*** Begin section ***

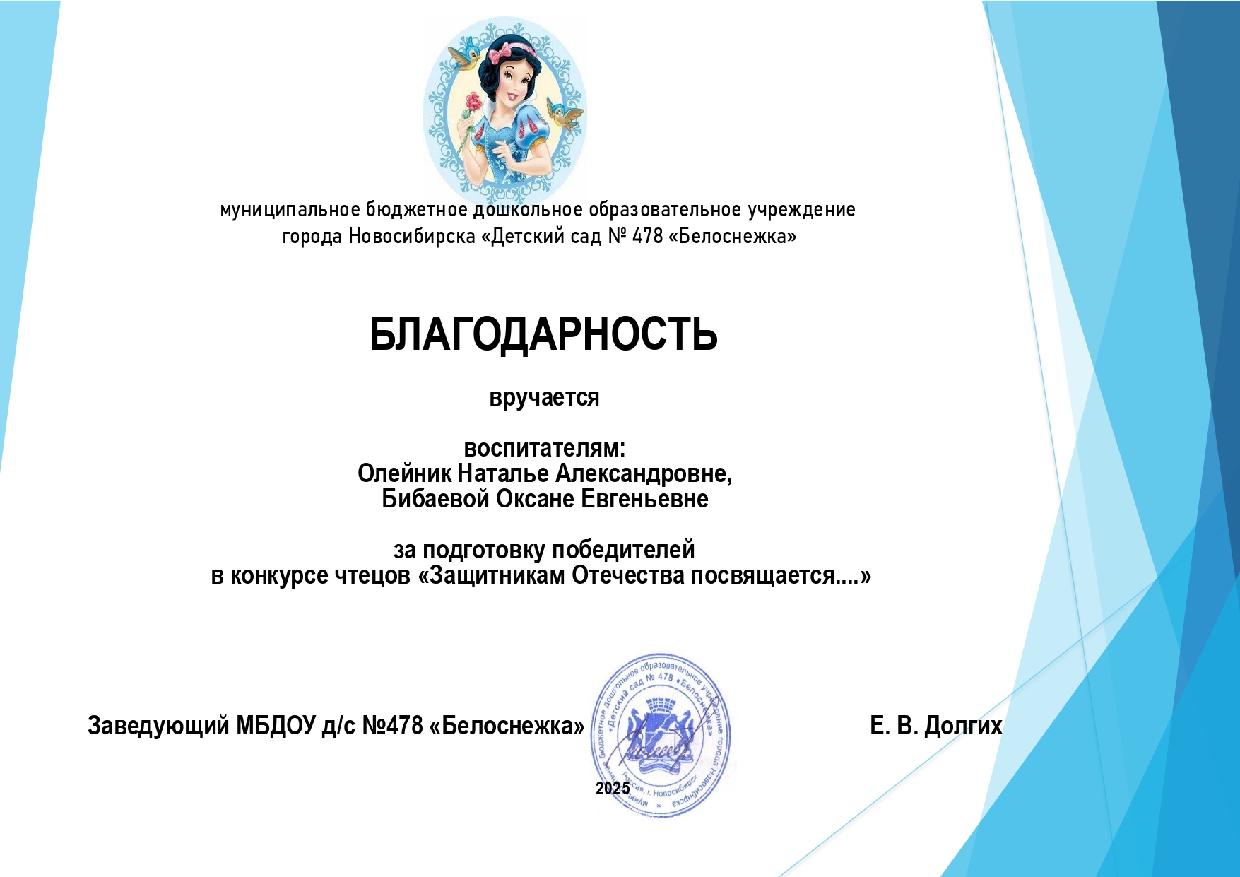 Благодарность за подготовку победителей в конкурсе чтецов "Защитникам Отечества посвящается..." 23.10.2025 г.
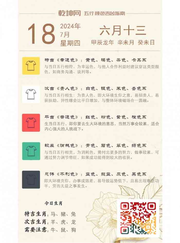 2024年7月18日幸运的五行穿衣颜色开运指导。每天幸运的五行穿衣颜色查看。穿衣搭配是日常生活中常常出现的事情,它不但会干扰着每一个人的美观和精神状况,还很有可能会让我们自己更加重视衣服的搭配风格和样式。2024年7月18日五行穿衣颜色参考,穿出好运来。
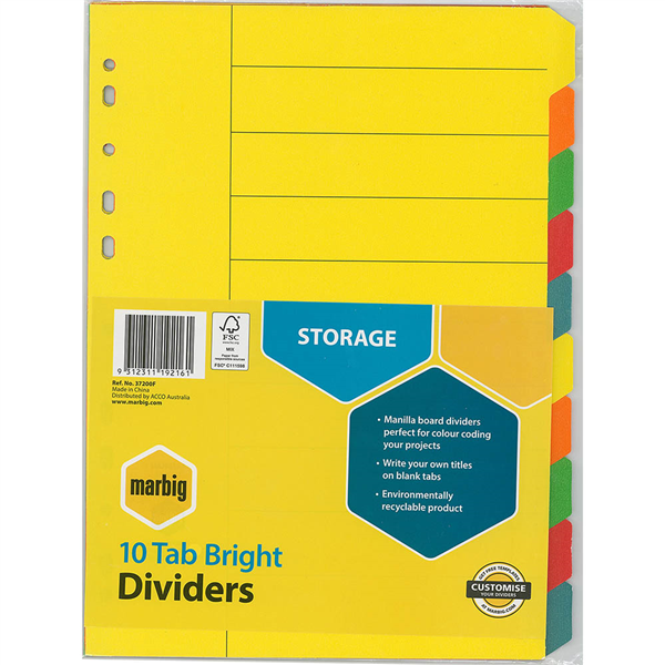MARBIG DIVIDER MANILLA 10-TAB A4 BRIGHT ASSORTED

*** End section ***
*** Begin section ***

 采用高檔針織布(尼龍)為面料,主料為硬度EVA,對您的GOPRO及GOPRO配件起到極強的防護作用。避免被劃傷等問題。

*** End section ***

[Exercise aim]:
Without the pictures, set down the lines above from the line with "2024年7月18日幸运的五" up to and including the line with "MARBIG DIVIDER MANILLA" exactly as they stand.

[Written answer]:
 2024年7月18日幸运的五行穿衣颜色开运指导。每天幸运的五行穿衣颜色查看。穿衣搭配是日常生活中常常出现的事情,它不但会干扰着每一个人的美观和精神状况,还很有可能会让我们自己更加重视衣服的搭配风格和样式。2024年7月18日五行穿衣颜色参考,穿出好运来。
MARBIG DIVIDER MANILLA 10-TAB A4 BRIGHT ASSORTED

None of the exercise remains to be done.